However, the Secretariat does publish occasionally the names of new companies that have received IMMEX program accreditation.
New Customs requirements relating to import-export procedures for maquiladoras went into effect as of June 1. Mexico’s foreign trade rules were modified and it has now become mandatory for maquiladoras (importers, exporters) and their Customs brokers to file all Customs data electronically. This must be done via the Single Window foreign trade system (VUCEM).
THE KPMG FISCAL REPORT
A “down” note for the Maquiladora Industry came recently from the KPMG fiscal consulting group. Their report put Mexico in a “least favorable” position vis-à-vis competing countries in the export processing industry field.

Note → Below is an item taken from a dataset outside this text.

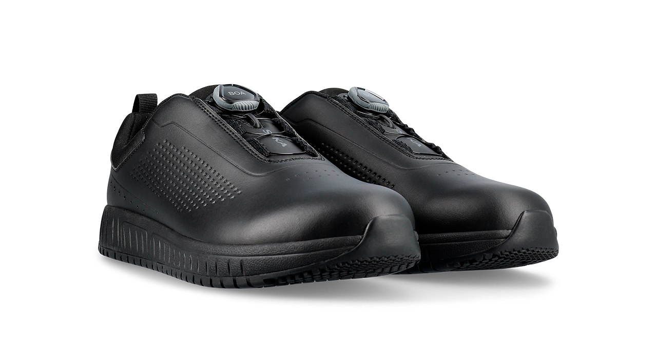 Sneakersliknande arbetsskor med originalvarianten av BOA® Fit System. Skon har en slät ovandel i mikrofiber som gör den särskilt motståndskraftig mot smuts och samtidigt avvisande mot vatten och andra vätskor. Yttersulan med hexagonmönster bidrar till 360° halksäkerhet. Luftbubblor i både mellan- och yttersulan ger särskilt bra stötdämpning.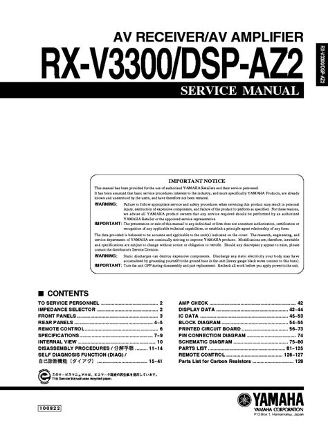 Currently you are looking with regard to an Yamaha Dsp Az2 Rx V3300 Service Manual Repair Guide example of which we provide here inside some kind of document formats such as PDF, Doc, Strength Point, as well as images of which will make it easier for you to create an Yamaha Dsp Az2 Rx V3300 Service Manual Repair Guide yourself. For a more clear look, you are able to open a few examples below. All the illustrations about Yamaha Dsp Az2 Rx V3300 Service Manual Repair Guide with this web site, we get from many sources so you could create a better document of your own.

The KPMG study, prepared for CNIMME-INDEX, covered specific export processing tax regimes for a series of countries that have long been considered maquiladora competitors for Mexico. The report compared the total fiscal cost to maquiladoras or their export processing counterparts in six different countries which all compete in the U.S. market. “Total fiscal cost” includes corporate taxes and obligatory tax payment schemes for social welfare and payroll programs.
KPMG ranked the different “total fiscal costs” of these countries on a 0 to 100 scale, with 0 being “Must Favorable” and a 100 reading “Least Favorable”. Mexico wound up at 100, as can be seen in the following table:
In referring to the study results, CNIMME-INDEX president Luis Aguirre was quoted as stating “Mexico’s tax scheme is just too complex and this hurts us in competitiveness. If we had a more efficient (fiscal) system… it would not be necessary to invest so much time and money so that (maquiladora) companies are able to comply with the country’s fiscal regulatory framework”.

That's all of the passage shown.